*Work to be completed*.
Word for word, restate the lines of the listing below from the line with "The price of" through the line with "8月27日,在西班牙首都馬德", and do not include the pictures.

*Supplied records*.
....................

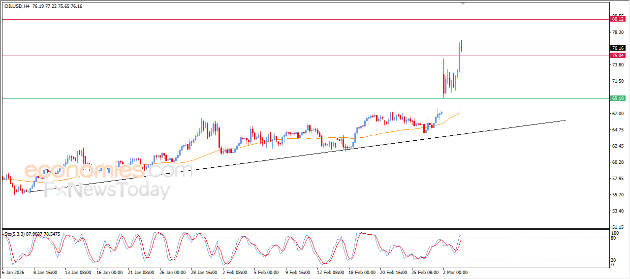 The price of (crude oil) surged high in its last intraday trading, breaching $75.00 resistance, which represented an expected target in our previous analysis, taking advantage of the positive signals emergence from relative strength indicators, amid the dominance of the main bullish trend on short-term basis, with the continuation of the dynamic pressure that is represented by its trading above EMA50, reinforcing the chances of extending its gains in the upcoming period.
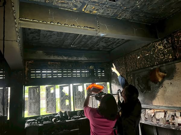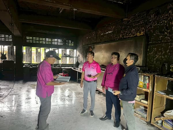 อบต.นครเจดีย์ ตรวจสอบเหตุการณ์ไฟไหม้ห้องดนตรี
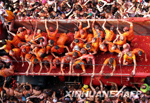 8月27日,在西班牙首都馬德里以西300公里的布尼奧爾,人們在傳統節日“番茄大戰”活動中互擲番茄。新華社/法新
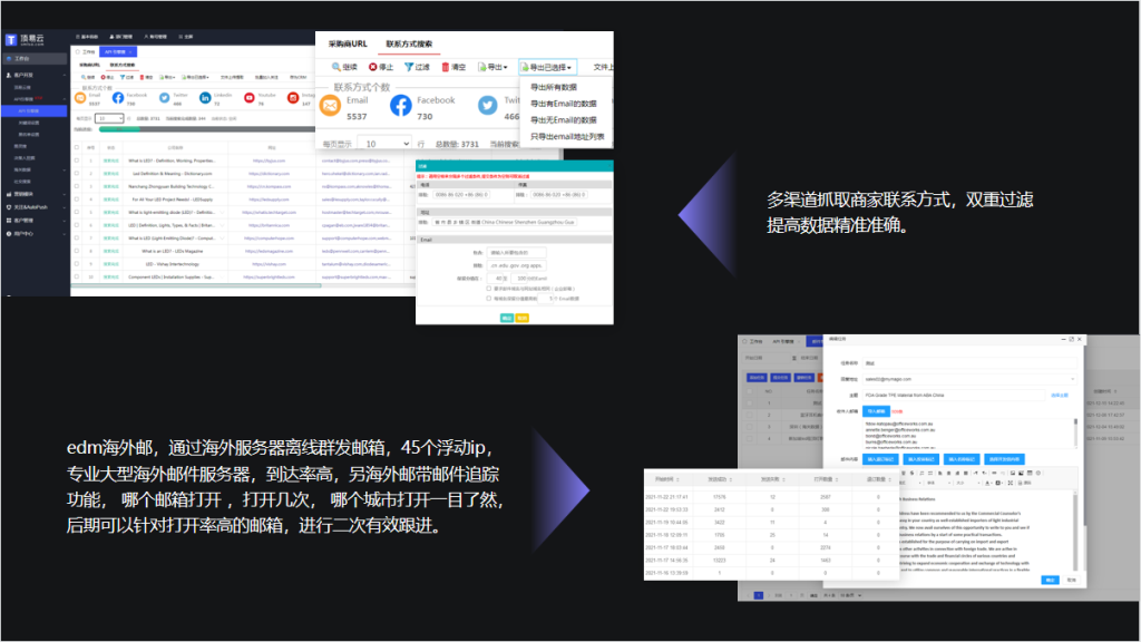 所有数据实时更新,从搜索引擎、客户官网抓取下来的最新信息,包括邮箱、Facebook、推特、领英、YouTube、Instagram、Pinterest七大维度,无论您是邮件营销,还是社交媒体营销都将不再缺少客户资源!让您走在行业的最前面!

....................

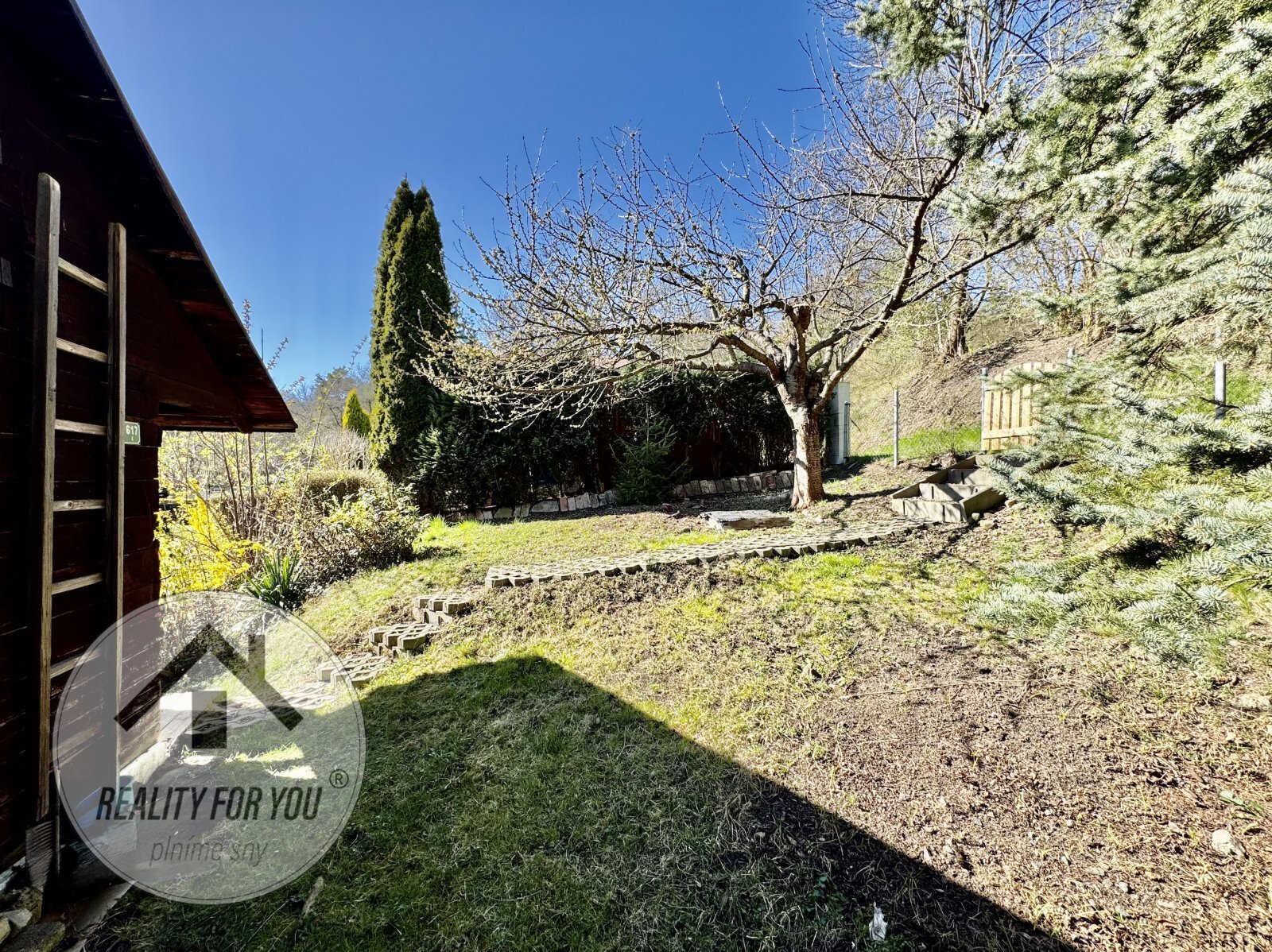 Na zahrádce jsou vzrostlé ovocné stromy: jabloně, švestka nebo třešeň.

....................

*Response for this exercise*.
 The price of (crude oil) surged high in its last intraday trading, breaching $75.00 resistance, which represented an expected target in our previous analysis, taking advantage of the positive signals emergence from relative strength indicators, amid the dominance of the main bullish trend on short-term basis, with the continuation of the dynamic pressure that is represented by its trading above EMA50, reinforcing the chances of extending its gains in the upcoming period.
 อบต.นครเจดีย์ ตรวจสอบเหตุการณ์ไฟไหม้ห้องดนตรี
 8月27日,在西班牙首都馬德里以西300公里的布尼奧爾,人們在傳統節日“番茄大戰”活動中互擲番茄。新華社/法新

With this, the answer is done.